Pada tanggal 8 Juni saya sedang
menyiapkan hidangan makan malam ketika secara tiba-tiba
sekelompok pegawai kerajaan
Burma menyerbu masuk ke dalam rumah kami. Saya mengenal salah
satu dari antara mereka yang merupakan seorang sipir yang bertugas menjalankan eksekusi di penjara.
Orang ini menonjol dari yang lain karena wajahnya yang galak dan penuh dengan bekas jerawat.
Pertanyaan pertama
dari pria yang galak itu adalah, “Mana sang guru?” Sang guru yang dimaksudkan
adalah suami saya, Dr. Adoniram Judson.

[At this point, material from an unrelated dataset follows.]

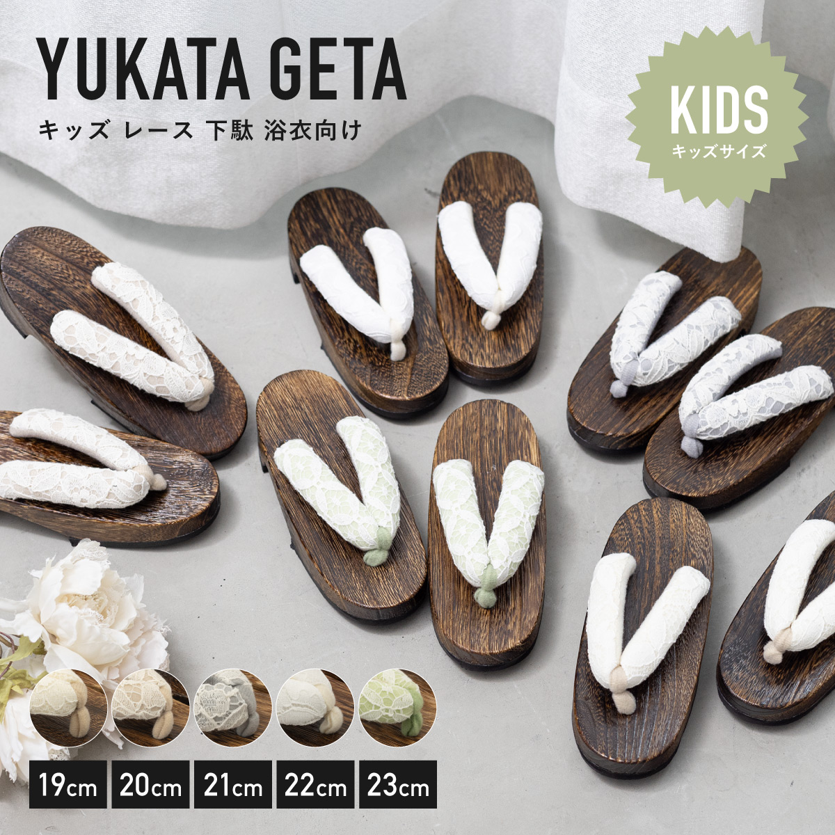 下駄 子供 キッズ レース 浴衣向け 痛くない 履きやすい 黒 桐下駄 右近型 女の子 女児 くすみカラー 小学生 中学生 滑り止め 19 20 21 22 23 S寸 送料無料

Judson langsung maju ke depan. Dengan nada suara yang
dipakai untuk berbicara kepada para penjahat di penjara, sipir itu berkata, “Anda dipanggil Raja!”
Belum sempat Judson berkata sepatah katapun, ia sudah dilempar ke lantai dan kedua tangannya diikat
dengan tali.
Walaupun terkejut, saya segera memohon agar suami saya jangan dibawa, “Tolonglah, janganlah
membawanya pergi.” Si muka seram langsung berkata, “Tangkap dia juga, dia juga orang asing!”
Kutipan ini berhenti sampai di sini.